To the mama struggling to pay for IVF: I see you. And I see how bad you want this. I want it for you, too. I wish you didn't have to turn to loans and credit cards and crowdfunding for this. Please know that motherhood takes many forms and be gentle with yourself this season.

To the mama struggling to pay off a birth: I see you. And I'm angry for you. I am so angry and perplexed by a system that would bill new parents astronomical sums at a time in their lives when they can least afford it. Giving birth should not put people into debt.

To the mama who has reached her limit, I see you. When you're waiting for payday, every minute seems like forever. When your card is declined at the checkout that moment lasts a lifetime. Please, accept help if you need it. There is kindness in the world for you.

To the mama using SNAP or visiting the food bank this season, I see you. And I'm proud of you. I'm proud of you for navigating this challenging time in your life because figuring out how to do this isn't easy. I'm proud of you for being such a good mother and making sure that your kids have nutritious food.

To the mama getting help from her family, I see you. It can be hard to accept help from your parents when you are a parent yourself, but please do try to see it as a gift. They love you so much that they want to support you, and you can honor that by seeing yourself as worthy of support.

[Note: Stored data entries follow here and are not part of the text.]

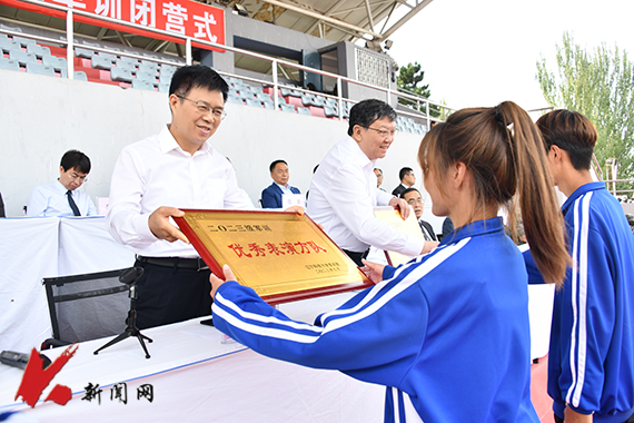 9月22日下午,安博官网线上平台2023级新生军训闭营式在校主体育场举行。校领导、军训团成员以及新生辅导员参加闭营式。
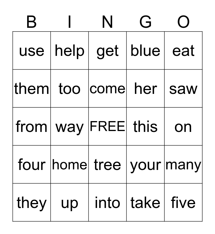 This bingo card has a free space and 24 words: home, up, come, they, eat, use, them, help, this, tree, her, from, your, many, too, take, on, get, saw, way, five, four, blue and into.
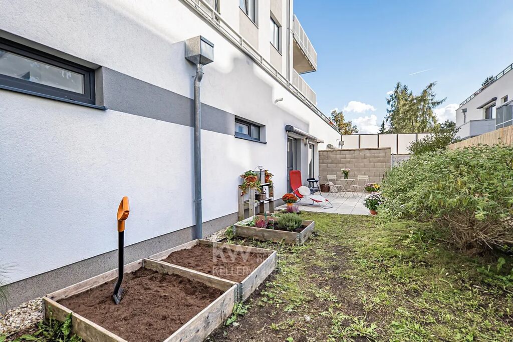 A právě ta je srdcem tohoto bytu – výsuvná pergola, voda a zásuvka Vám umožní vytvořit si dokonalé místo pro odpočinek, grilování s přáteli, práci na notebooku i letní večeře pod širým nebem. Díky rozloze se sem vejde jak posezení, tak i menší zahrádka nebo prostor pro domácí mazlíčky. Dále je v rohu kompostér a tři záhonky.
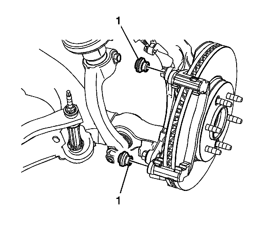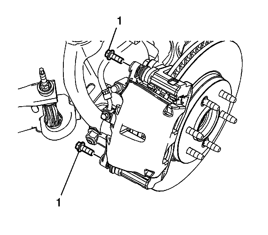 3. Remove the brake caliper guide pin bolts (1).
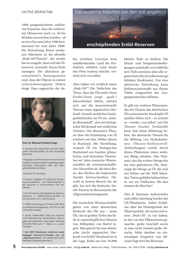 »Die Erdölvorräte gehen keinesfalls, wie das allgemein behauptet wird, zur Neige und es darf mit hoher Wahrscheinlichkeit davon ausgegangen werden, dass Erdöl auch nicht fossilen Ursprungs ist. Gemäß schulwissenschaftlicher Lehre sei Erdöl vor Urzeiten vorwiegend dadurch entstanden, dass abgestorbener Plankton auf den Meeresgrund gesunken sei, von Sedimenten (Sand, Gestein etc.) bedeckt und dann unter großem Druck und Hitze umgewandelt wurde. Deshalb spricht man von „fossilen“ Brennstoffen (fossil: aus frühen erdgeschichtlichen Zeitaltern stammend). Wäre Erdöl fossilen Ursprungs, bedeutete dies, dass die Vorkommen logischerweise endlich wären – so lern(t)en wir das alle. Möglicherweise lern(t)en wir das aber nur deshalb, weil das die erdölfördernde Industrie so wollte. Damit wir nämlich artig immer weiter steigende Öl- und Benzinpreise hinnehmen.«
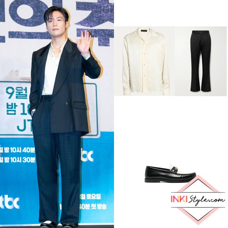 Heo Nam-Jun opted for modern tailoring, donning an AMIRI ensemble that included a viscose shirt and satin jacquard trousers, which he styled with sharp MA Chain loafers.

To the mama who is not getting help from her family, I see you. It can be painful to watch your friends and acquaintances get financial help from their families when yours is not in a position to do the same. It's human to be envious when someone's dad gives them a down payment, but the best gift you can give yourself is to focus on your own kids and non-financial gifts you are giving them every day.

To the mama who feels like her life doesn't live up to Instagram, I see you. I understand the pain of scrolling through social media, wondering why it seems like everyone else has a nice home and can take their kids on vacation when you can't. Give yourself the gift of unfollowing or turning off social media.

To the mama who feels like she'll never get out of student loan debt, I see you, I am you, and I can tell you there's hope. For years my student loans have kept me down. They are the reason I am driving a 15-year-old, money pit of a car in the first place. But by the end of 2019 they will finally, mercifully be paid off. Most of the student debt in America is held by women. This is an issue impacting a generation of mothers. You are not alone.